The Republican Calendar was still quite different from our modern calendar. Most months had either 31 or 29 days, to minimize the superstitious misfortune associated with even numbers. But February, that weird, unlucky month added at the end of winter, had either 28 days (on common years) or 23 days (on leap years). Those leap years were supposed to occur every two or three years, and they included an extra month, Mercedonius or Intercalaris, consisting of 27 or 28 days, right after February 23rd. This made leap years significantly longer than common years, at 377 or 378 days compared to 355. Over time the system was supposed to self-correct and align with the solar year of 365 ¼ days. Unfortunately, the decision of declaring a leap year or not became political. It was up to the top religious authority of the Republic, the pontifex maximus; and to the surprise of literally nobody, it became common for a pontifex maximus to use that power to his advantage, for example to shorten the office terms of political enemies or lengthen those of allies — with the result that dates became difficult to predict and plan around, especially if you lived far from the city of Rome and its incessant political intrigue.

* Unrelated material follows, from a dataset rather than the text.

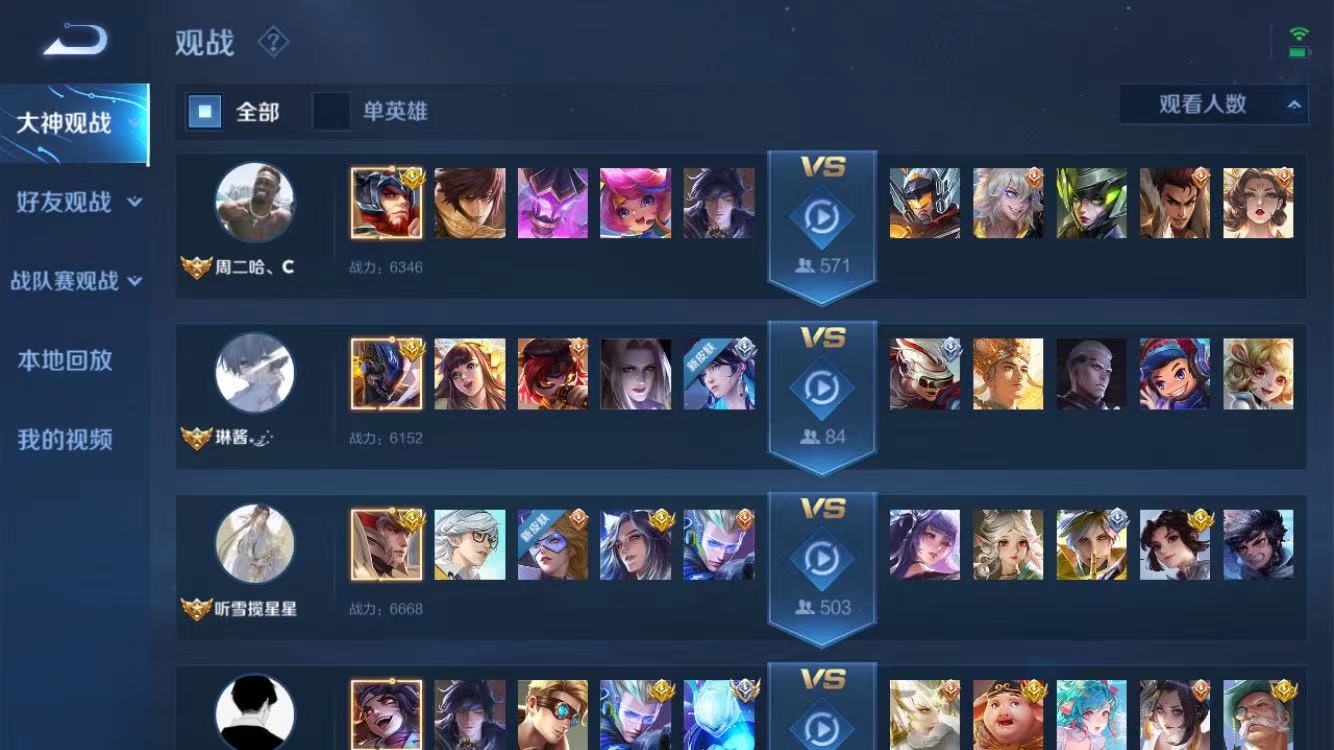 2、进入观战页面后,在页面左侧有个菜单栏,分别为大神观战、好友观战和本地回放等。可自行选择你要观战的类型。

It was a mess. Then came along Julius Caesar, who, as pontifex maximus himself, would reform this mess. The Julian calendar is (almost) what we still use today. It contains a small remnant of the intercalary month of yore: February 29th, a phantom day that materializes only once every four years, a day more unique and special than January 1st or December 25th, just due to a quirk of how our solar system works.
There would be only one more reform of the calendar, by Pope Gregory XIII, in 1582. A small tweak to February 29th, to make it vanish once more per century, three centuries out of four — because the solar year is in fact 365.2425 days, not 365.25. After this, no reforms at all.

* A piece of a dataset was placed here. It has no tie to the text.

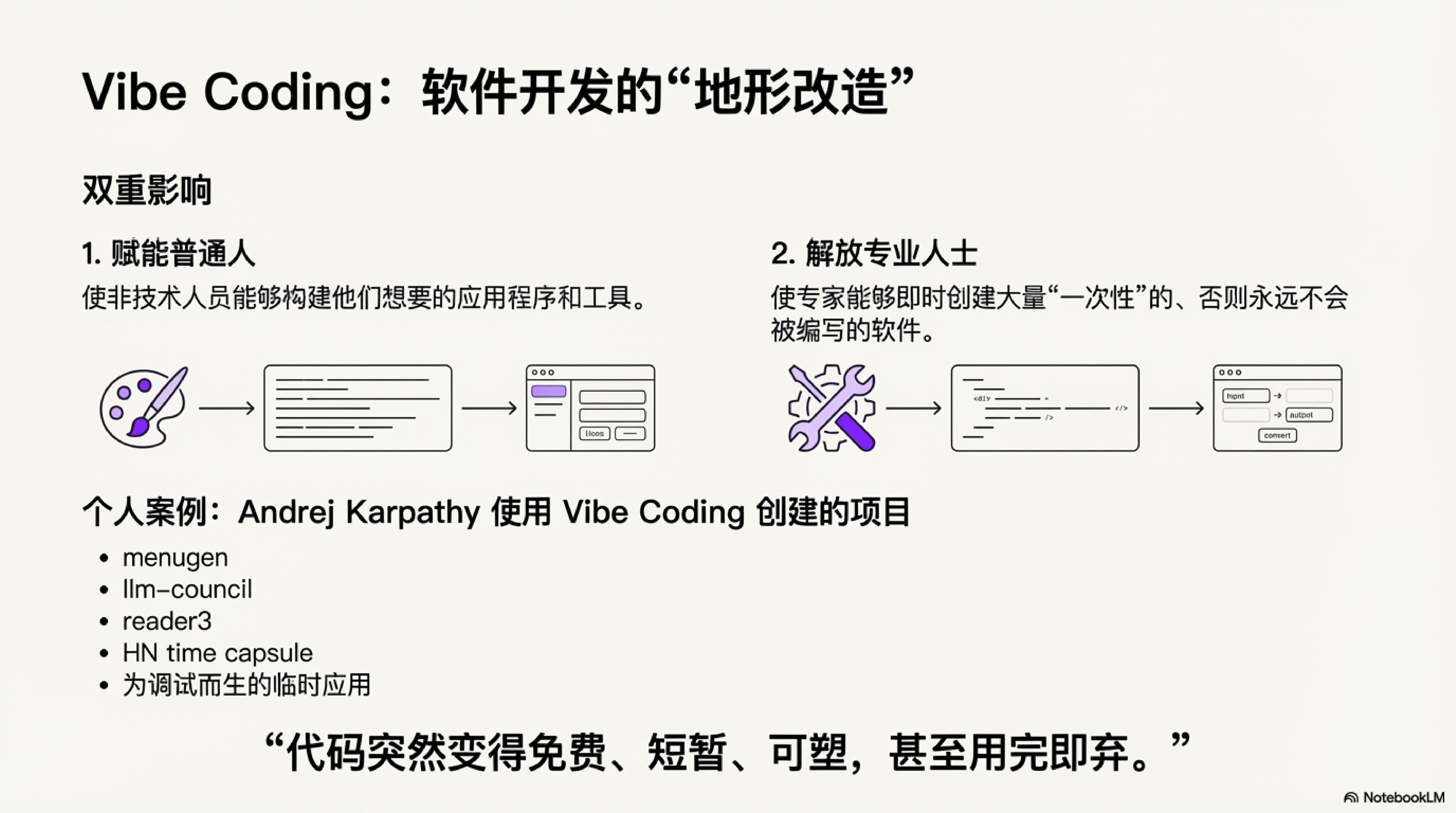 - 在这一时代,代码变得“免费、短暂、可塑”,一次性使用后即可丢弃。

Despite being much simpler than the calendars of Romulus or of the Roman Republic, the Gregorian calendar is still pretty quirky. The month lengths follow an irregular pattern, requiring cute mnemonics like that trick with hand knuckles to remember them. Our seasons and quarters have slightly different lengths as a result. Month names are all over the place: gods we don’t believe in anymore (Janus, Mars, Junon); quasi-forgotten festivals (the Februa, meaning “purification”); long-dead statesmen with uncertain moral legacies (Julius, Augustus); and numbers that aren’t even those months’ numbers (October screams, “I’m month #8! I swear! Octopuses have eight tentacles, not ten, don’t they?”). And then there’s the fact that a particular date falls on a different day of the week every year, due to the 7-day week (another relic of deep antiquity) not aligning with either months or years, in a pattern that is in theory easily predictable but in practice repeatedly gets thrown off a bit by the quadrennial return of February the 29th.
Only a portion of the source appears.